(Stored data)
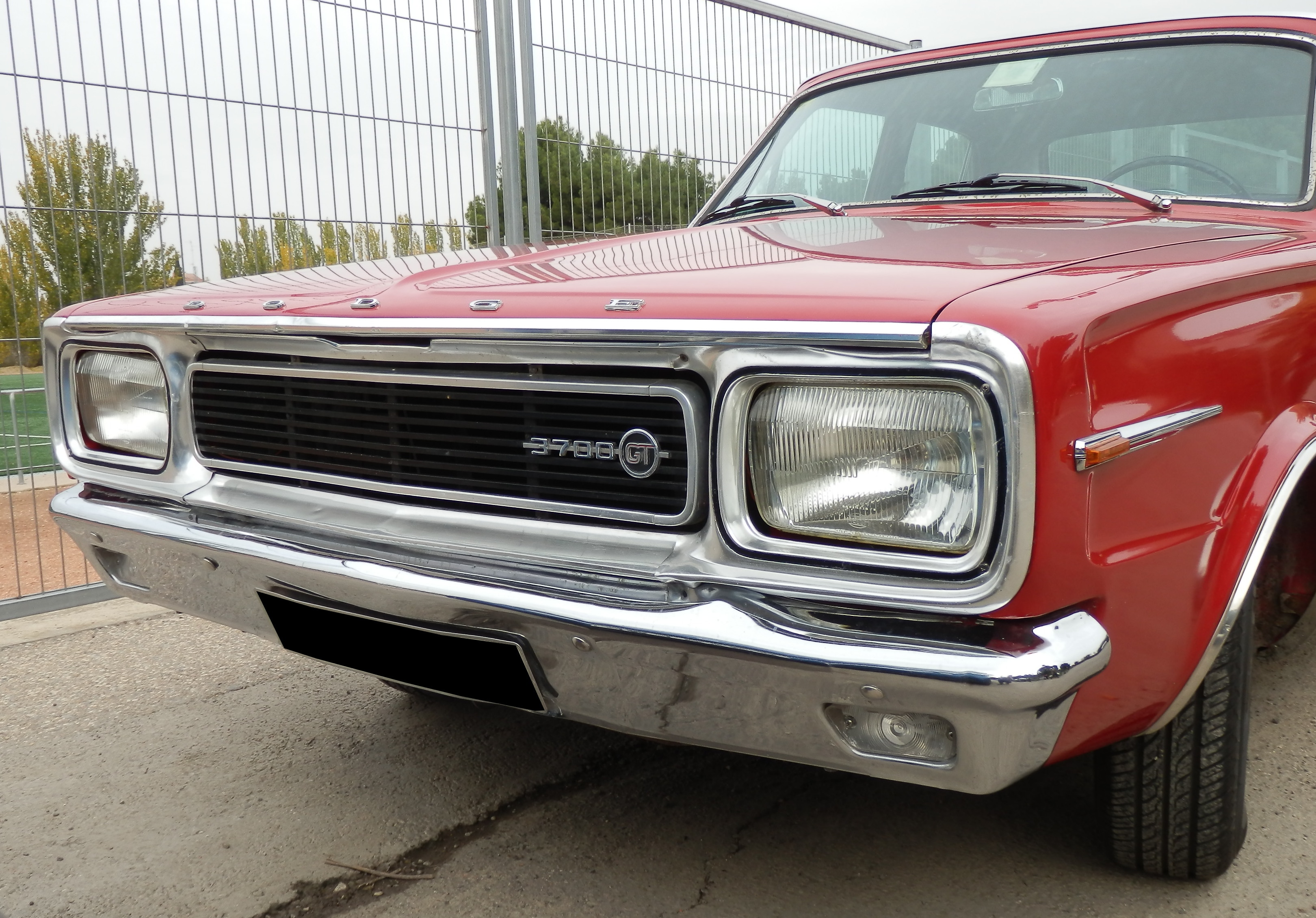 1969 Dodge Dart GT built by Barreiros Diésel S.A in Spain. Gasoline motor. 6 cylinder. 163 HP.
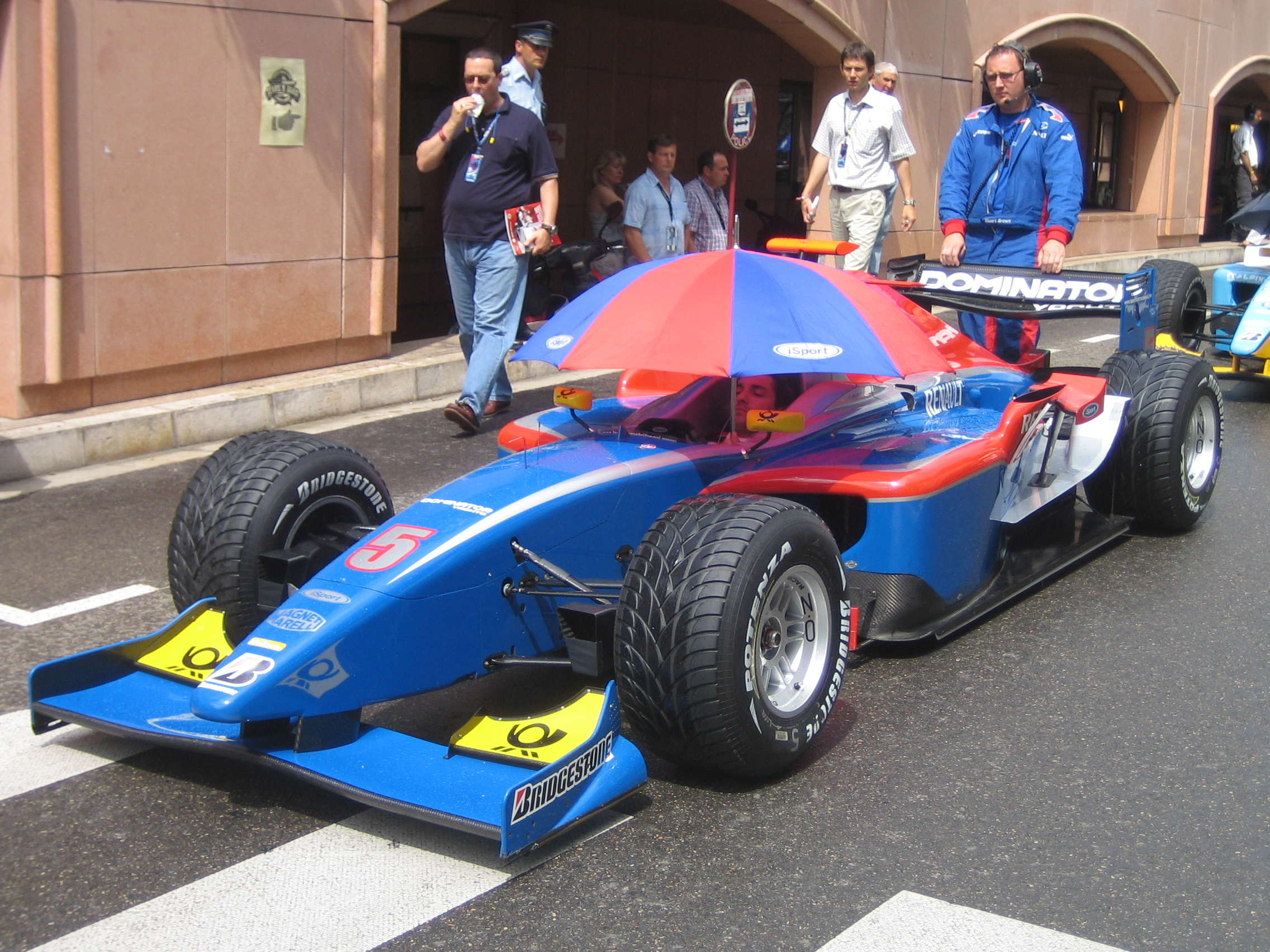 GP2 driver Timo Glock on the way to the start of the GP2 race at Monaco in 2007. He finished third to lead the championship by 16 points.
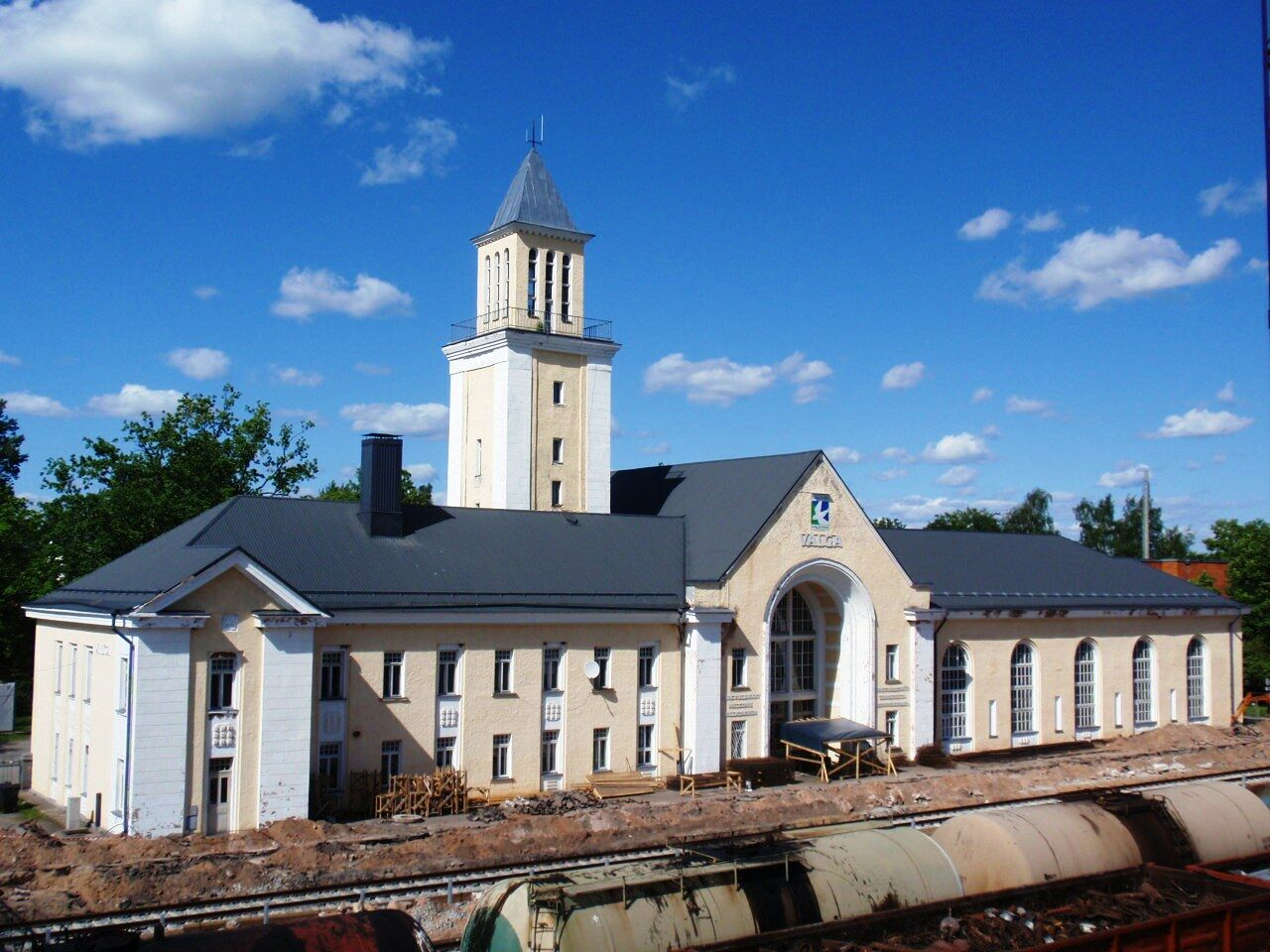 Valga railway station
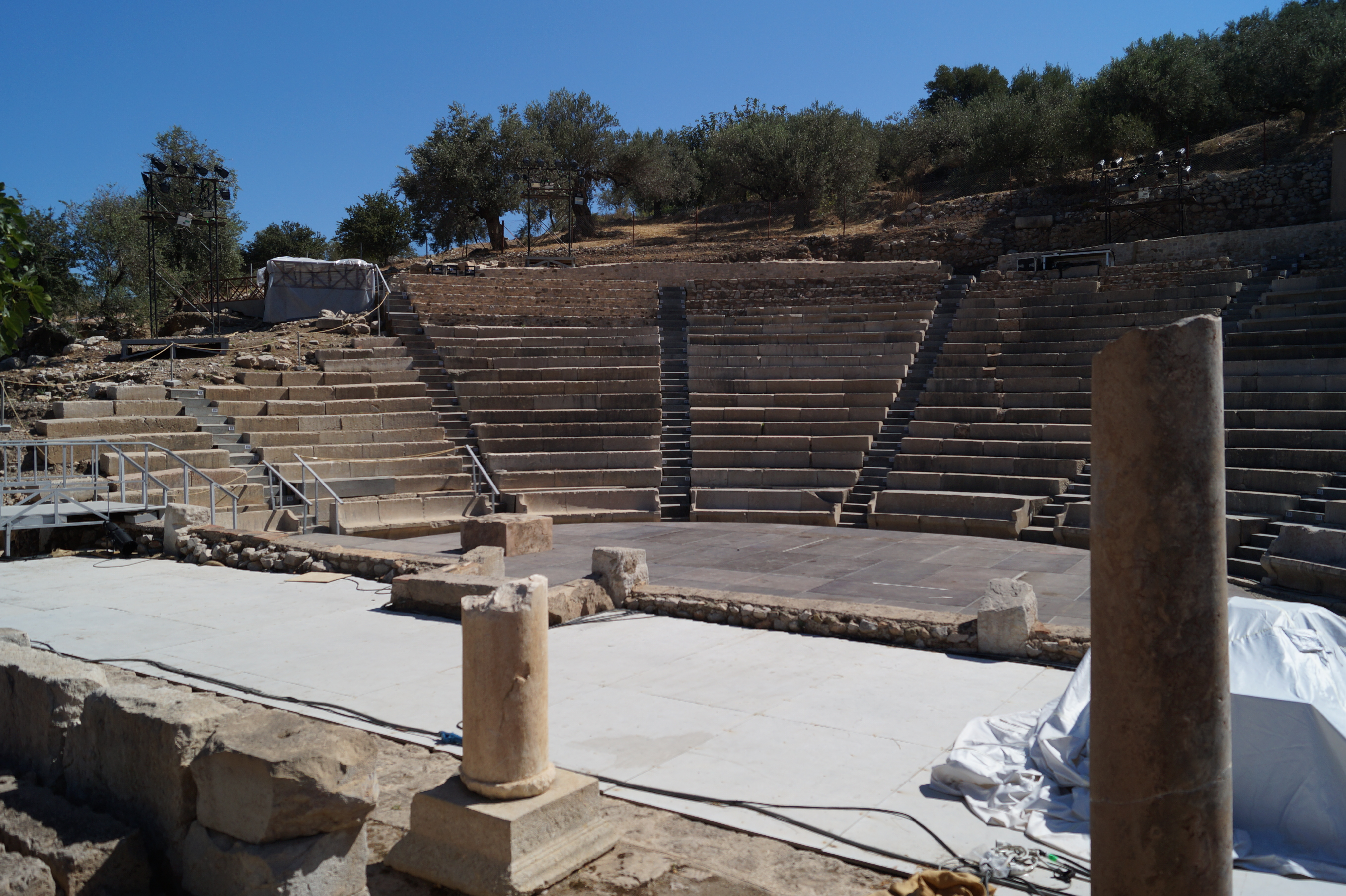 Palea Epidavros, Peloponnese, Greece: Small theatre (4th cent. BC)
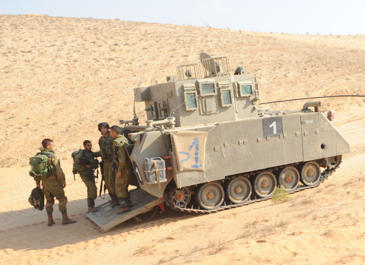 The battalion drill took place at a training base in southern Israel. The Israel Defense Forces Facebook • blog • Twitter

How to complete this task:
When the line containing "GP2 driver Timo" is reached, write out that line and each one after it exactly, ending with the last line of the records; pictures are not copied.

Written solution:
 GP2 driver Timo Glock on the way to the start of the GP2 race at Monaco in 2007. He finished third to lead the championship by 16 points.
 Valga railway station
 Palea Epidavros, Peloponnese, Greece: Small theatre (4th cent. BC)
 The battalion drill took place at a training base in southern Israel. The Israel Defense Forces Facebook • blog • Twitter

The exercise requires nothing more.